* **Description of the task**: The reply should hold every line of the listing exactly, and none of its images.

* **Data extract**:
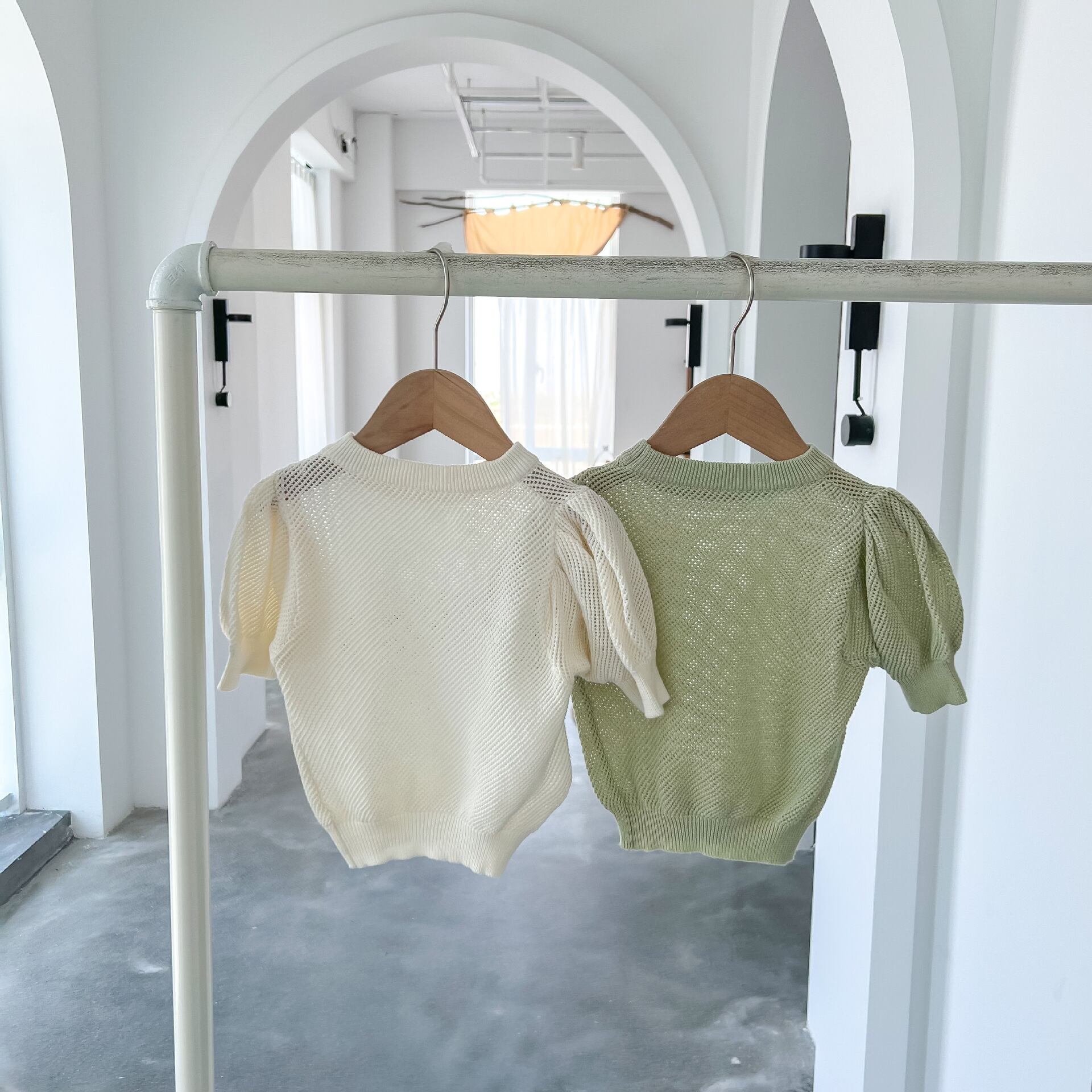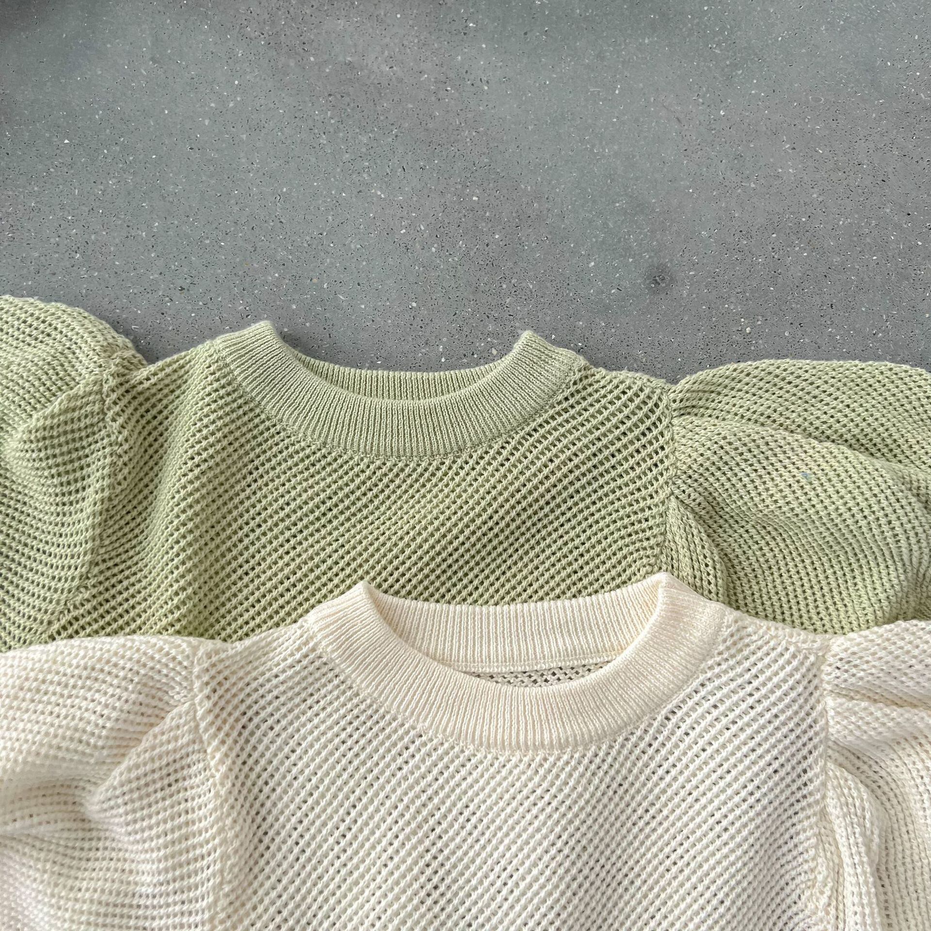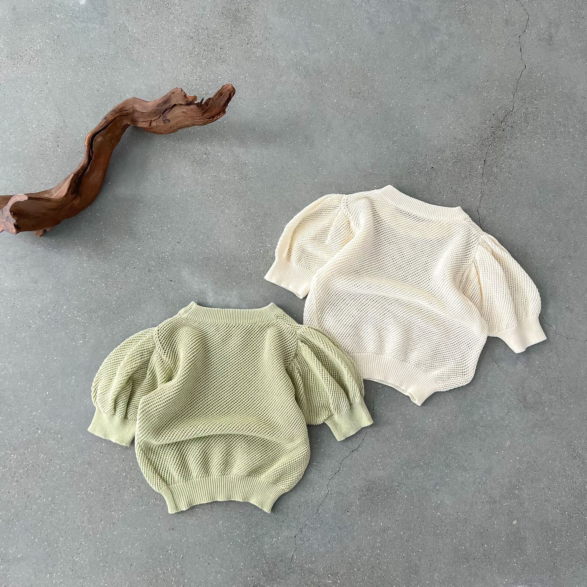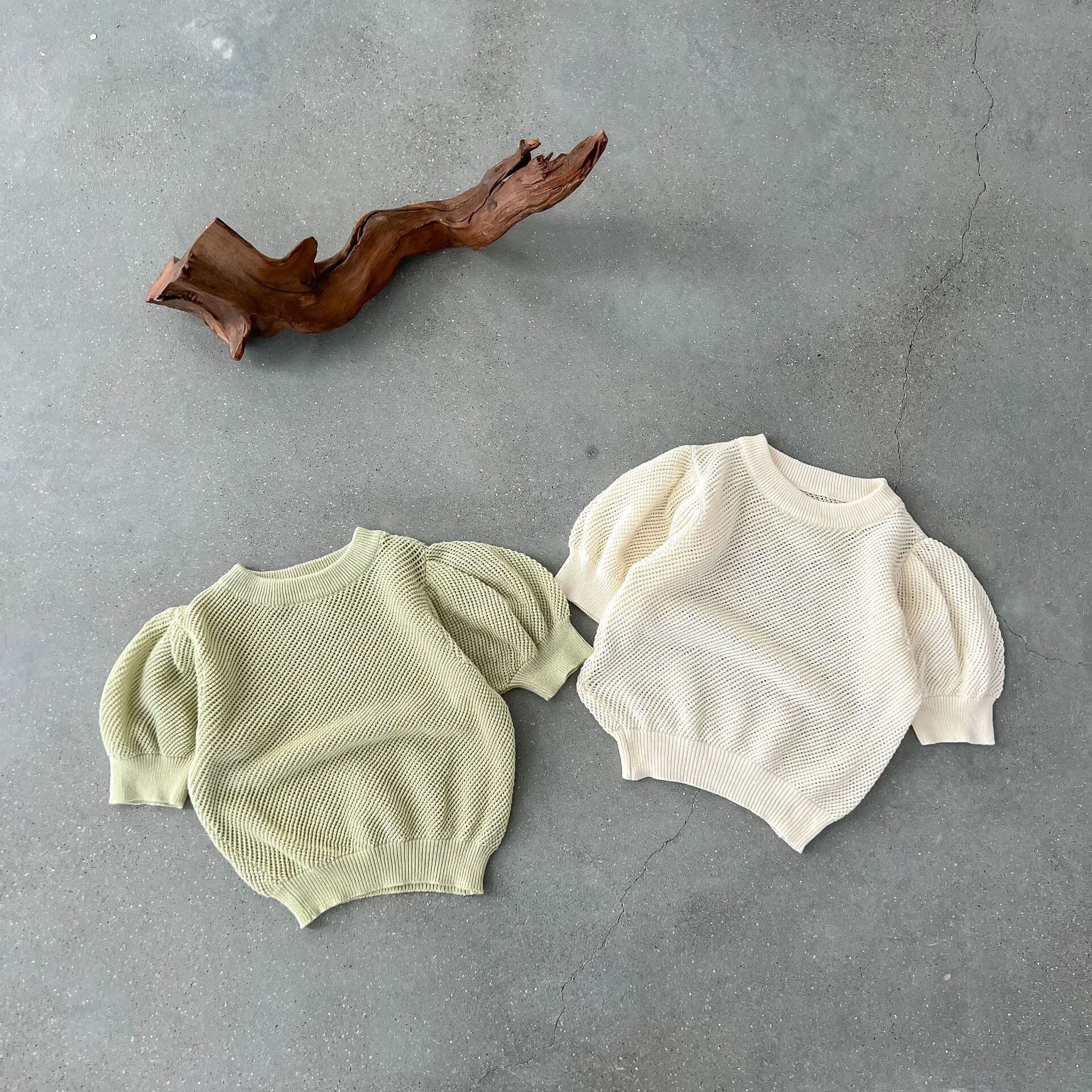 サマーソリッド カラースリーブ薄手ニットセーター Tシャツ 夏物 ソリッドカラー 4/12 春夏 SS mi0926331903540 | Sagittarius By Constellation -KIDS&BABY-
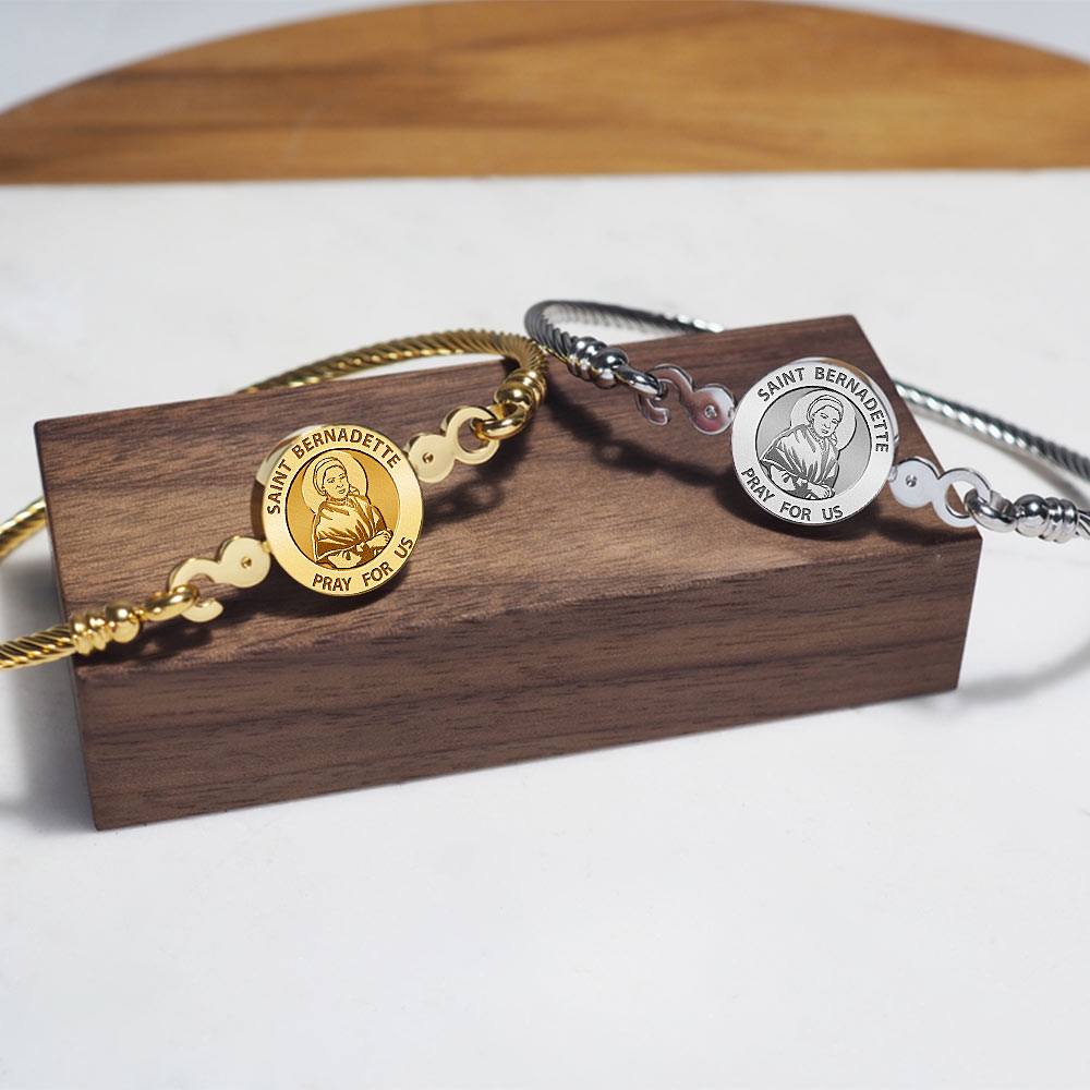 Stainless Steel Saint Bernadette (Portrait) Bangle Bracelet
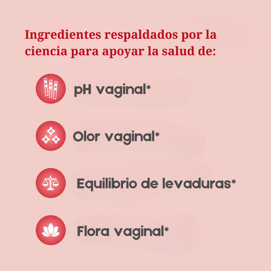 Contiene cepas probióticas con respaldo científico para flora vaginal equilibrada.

* **Expected answer**:
 サマーソリッド カラースリーブ薄手ニットセーター Tシャツ 夏物 ソリッドカラー 4/12 春夏 SS mi0926331903540 | Sagittarius By Constellation -KIDS&BABY-
 Stainless Steel Saint Bernadette (Portrait) Bangle Bracelet
 Contiene cepas probióticas con respaldo científico para flora vaginal equilibrada.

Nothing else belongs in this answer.